There are numerous accounts of each of the members love affairs with older woman which provides an interesting relationship dynamic along the way. Some had interest in the same woman which lead to some infighting while some had some rather pointed remarks about current relationships of the time. One woman in particular would use her wiles to play with the three friends in order to maximize the love she would receive, not worrying about the damage she would cause.
“What he said about pain gave her no pause, or didn’t seem to, but as she got out of the car, after she’d hugged him, she said, at the very last moment, ‘ Hurting you would work for me, I’ll bet your pain is sweet, ‘ then whirled round and scampered into the building’s entrance before he could reply.”
At first, being so young and naive they were expectantly arrogant, brash, brimming with a confidence and a feeling like they could change the world. They felt like big fish in a small pond and eventually would come to realize that they were in fact forcing the city to pull the plug forcing them down the drain. Youssef’s detached observation, Paulo’s thirst for action and accomplishment, and Nayf’s continuous search for life’s meaning gave them their self-confidence to voice things that were bothersome as well as principles that they believed in; much to the chagrin of many powerful people.
I am not going to pussy-foot around, this book was extremely difficult. The author goes back and forth in time to monumental moments in each characters lives which makes it hard to keep up and even stay afloat. At times I wanted to give up and just drown but I felt like I owed it to myself and the author to see it to the end. However; I am not sure I grasped everything the author had intended me too. This book will not be for everyone, it delves deep into the mindset of an artist with all of their complexities, insecurities, successes, as well as their struggles.
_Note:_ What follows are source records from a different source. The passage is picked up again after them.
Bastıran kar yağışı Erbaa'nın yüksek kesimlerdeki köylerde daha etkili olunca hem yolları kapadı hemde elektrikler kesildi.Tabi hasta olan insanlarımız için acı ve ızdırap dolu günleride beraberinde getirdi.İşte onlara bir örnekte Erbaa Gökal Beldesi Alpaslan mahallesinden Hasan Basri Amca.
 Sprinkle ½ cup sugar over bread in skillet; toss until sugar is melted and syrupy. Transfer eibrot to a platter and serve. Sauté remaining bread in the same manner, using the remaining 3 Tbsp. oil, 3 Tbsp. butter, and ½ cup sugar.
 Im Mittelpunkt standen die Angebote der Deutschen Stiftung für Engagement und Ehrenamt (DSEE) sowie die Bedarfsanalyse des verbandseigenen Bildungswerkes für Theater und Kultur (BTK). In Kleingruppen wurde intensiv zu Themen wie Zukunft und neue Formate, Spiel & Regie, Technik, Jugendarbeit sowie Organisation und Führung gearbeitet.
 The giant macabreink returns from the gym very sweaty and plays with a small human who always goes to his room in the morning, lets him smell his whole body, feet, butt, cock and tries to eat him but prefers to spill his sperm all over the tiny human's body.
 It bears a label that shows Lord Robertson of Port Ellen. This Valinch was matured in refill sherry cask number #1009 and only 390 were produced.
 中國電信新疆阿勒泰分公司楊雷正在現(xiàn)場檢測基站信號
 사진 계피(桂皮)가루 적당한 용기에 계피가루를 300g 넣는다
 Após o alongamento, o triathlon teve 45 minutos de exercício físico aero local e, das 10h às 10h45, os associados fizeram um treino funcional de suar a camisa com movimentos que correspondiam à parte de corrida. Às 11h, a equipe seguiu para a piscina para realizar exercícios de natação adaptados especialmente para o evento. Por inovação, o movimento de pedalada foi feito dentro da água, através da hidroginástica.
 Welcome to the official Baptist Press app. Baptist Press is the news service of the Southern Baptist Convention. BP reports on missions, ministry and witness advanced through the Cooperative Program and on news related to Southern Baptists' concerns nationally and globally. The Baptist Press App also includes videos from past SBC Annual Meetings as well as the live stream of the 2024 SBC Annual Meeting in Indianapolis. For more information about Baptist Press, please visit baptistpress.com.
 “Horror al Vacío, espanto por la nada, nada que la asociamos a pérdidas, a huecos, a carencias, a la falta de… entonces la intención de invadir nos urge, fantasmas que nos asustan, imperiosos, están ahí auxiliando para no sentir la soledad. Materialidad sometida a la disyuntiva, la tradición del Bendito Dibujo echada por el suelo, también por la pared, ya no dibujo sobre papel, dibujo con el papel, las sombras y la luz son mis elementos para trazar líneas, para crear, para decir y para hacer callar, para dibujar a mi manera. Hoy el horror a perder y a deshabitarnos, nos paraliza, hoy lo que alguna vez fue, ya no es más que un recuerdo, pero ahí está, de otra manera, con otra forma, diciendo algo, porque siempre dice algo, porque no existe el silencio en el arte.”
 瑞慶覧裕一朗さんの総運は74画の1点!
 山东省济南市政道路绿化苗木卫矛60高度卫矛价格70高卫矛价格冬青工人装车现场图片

If you are in for a challenge and a trip inside the minds of an artist, then give this a go. If you are against using household pharmaceuticals to remedy common ailments then I suggest staying away from this one.
“I am Youssef, Gear Knob, anyone you please: the founding member of the Group for Secret Egyptian Poetry. And what is certain is that with these words, written in a future that dangled down from the mid-nineties on, I end the first document in the file called Crocodiles.”